The film is Frank Darabont's sole theatrical film that isn't a film adaptation of one of Stephen King's works.

==Reception==
===Box office===
The Majestic earned $27 million at the box office in the United States and another $9 million outside the United States, which brings the worldwide total to $37 million. The film's failure at the box office was partly due to competition with The Lord of the Rings: The Fellowship of the Ring, Ocean's Eleven, Jimmy Neutron: Boy Genius and Harry Potter and the Sorcerer's Stone. The film was released in the United Kingdom on May 24, 2002, and failed to reach the Top 10.

===Critical response===
The Majestic received generally negative reviews from critics. On the review aggregator website Rotten Tomatoes, the film has a rating of 42% based on 142 reviews, with an average rating of 4.90/10. The website's critical consensus reads, "Ponderous and overlong, The Majestic drowns in forced sentimentality and resembles a mish mash of other, better films." On Metacritic, the film has a score of 27 out of 100, based on 30 critics, indicating "generally unfavorable reviews". Audiences polled by CinemaScore gave the film an average grade of "B+" on an A+ to F scale.

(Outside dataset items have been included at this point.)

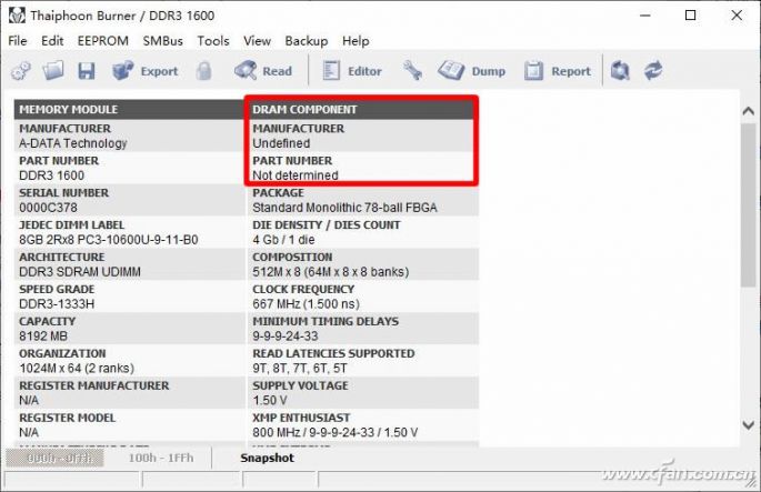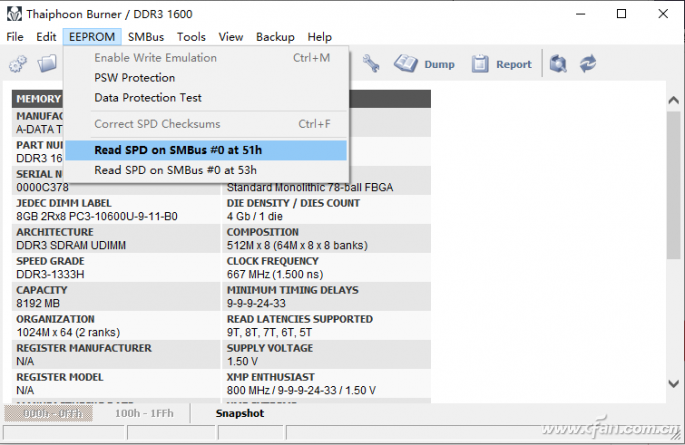 內存最需要注意的是內存顆粒是不是靠譜,那就用Thaiphoon Burner來看看吧,打開軟件后,選擇“EFPROM-Read SPD on SMBus xxxxx(根據內存所在插槽變化)”,就可以觀看內存條詳情了。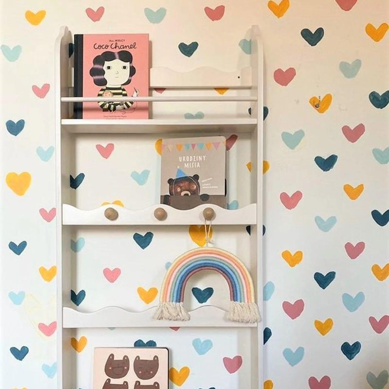 Półeczka na książki zawiera 4 przegródki oraz dodatkowo trzy wieszaczki w kolorze naturalnym. Półeczka ma urocze wykończenia z falbanką, które dodają jej niesamowitego uroku. Regały są również piękną ozdobą pokoju, idealne do niewielkich przestrzeni.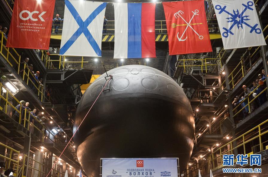 12月26日,“沃尔霍夫”号潜艇下水仪式在俄罗斯圣彼得堡海军部造船厂举行。 新华社发(莫京娜摄)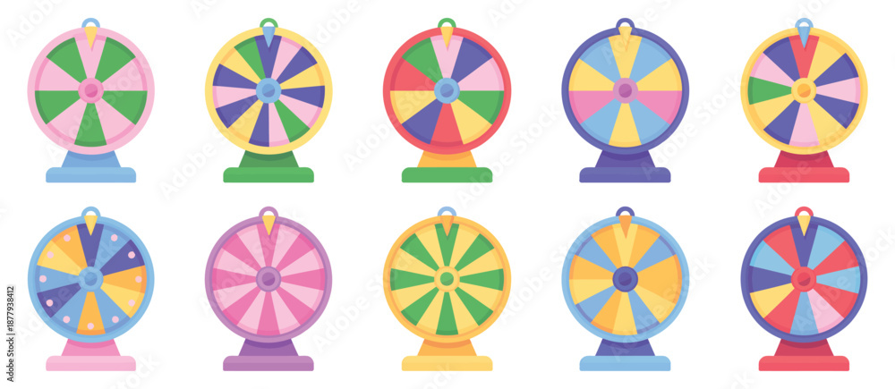 Colorful fortune wheels collection with prize segments, game spin elements for lottery reward and decision making, vibrant wheel of fortune vector illustrations #1877938412

Kenneth Turan of Los Angeles Times commented that it was a "derivative, self satisfied fable that couldn't be more treacly and simple-minded if it tried".

One exception to this was Roger Ebert, who awarded the film three and a half stars and praised the film and its ideals: "It flies the flag in honor of our World War II heroes, and evokes nostalgia for small-town movie palaces and the people who run them... Frank Darabont has deliberately tried to make the kind of movie Capra made, about decent small-town folks standing up for traditional American values. In an age of Rambo patriotism, it is good to be reminded of Capra patriotism – to remember that America is not just about fighting and winning, but about defending our freedoms." Ebert also praised Jim Carrey's performance stating that he "has never been better or more likable".

In 2008 interview with Empire magazine, Darabont said,The Majestic is a movie I'm very proud of and I really love. It achieved exactly what I set out to make. And I find it very moving. But in your very magazine, somebody who praised the hell out of Shawshank said, "Frank Darabont needs to apologise for making The Majestic." And I thought, "Really? What did I do? I need to apologise? Kiss my ass!"